Manifest typing means that a programmer can query the database for the type of an individual field in a result set with the sqlite3_column_type() function call. The types that are stored are integer, float, text, blob and null.

Version 3 also adds support for BLOBS. This means, for example, that it would be perfectly reasonable to store photos of the desired items or the family members themselves in my family wish list database.

Application Interface

The most apparent change that most previous SQLite users notice is the prefix changes. SQLite 3 functions all begin with sqlite3_ instead of sqlite_, as in older versions.

Old methods of data access still are available, including sqlite3_exec() and sqlite3_get_table(). For the uninitiated, sqlite3_exec takes a callback function as one of its parameters and calls this function for each row in the data set. The sqlite3_get_table function returns the entire results set in a single-character array.

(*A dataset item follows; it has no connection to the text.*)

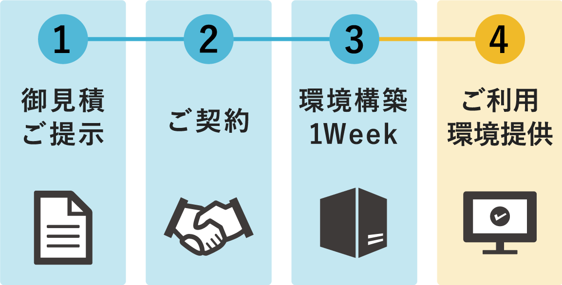 迅速にシステムを構築し、徐々に機能を拡張していただけるよう、最小の基本構成をあらかじめパッケージ化して提供します。スモールスタートでの利用も可能に。

The preferred way to interact with the database in SQLite 3 is the prepared statement interface. Advanced users of SQLite 2.8.x might recognize prepared statement routines as an extension of the experimental callback free vm interface to SQLite.

Prepared Statements

ODBC programmers have been able to use prepared statements for a long time. In addition to extending the older virtual machine interface to SQLite, prepared statements offer a number of convenience features for programmers. For those who haven't seen a prepared statement, an example might be:


     SELECT id, name, email FROM user WHERE name = ?

The question mark represents a wildcard, a place where real data is bound before the query actually runs. The query is prepared once, and for each execution, actual data is bound to the wildcards. This eliminates the need for careful, paranoid parsing of user-supplied data for killer characters and potential exploits.

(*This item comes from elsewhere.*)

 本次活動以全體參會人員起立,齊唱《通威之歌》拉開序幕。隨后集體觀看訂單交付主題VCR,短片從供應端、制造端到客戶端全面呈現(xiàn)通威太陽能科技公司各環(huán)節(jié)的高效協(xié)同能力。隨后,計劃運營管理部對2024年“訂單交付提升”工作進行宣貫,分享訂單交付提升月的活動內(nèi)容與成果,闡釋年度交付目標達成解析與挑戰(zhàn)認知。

Prepared queries also offer some savings in terms of speed. Internally, a database must convert a statement to a set of parameters that define the actual steps to be carried out in the search. This can represent some computational expense, especially if a single query is executed repetitively. Removing the compilation step for all but the first invocation of the query saves processor time. This saved times adds up in applications such as data conversions or modifications, where hundreds or thousands of identical queries may need to be run.

The best way to understand the new API is to see it in use. Here, I show some examples from an e-commerce wish list application on which I'm currently working. The particular code shown comes from a command-line utility for generating shopping lists. The complete code for the example can be downloaded (see Resources).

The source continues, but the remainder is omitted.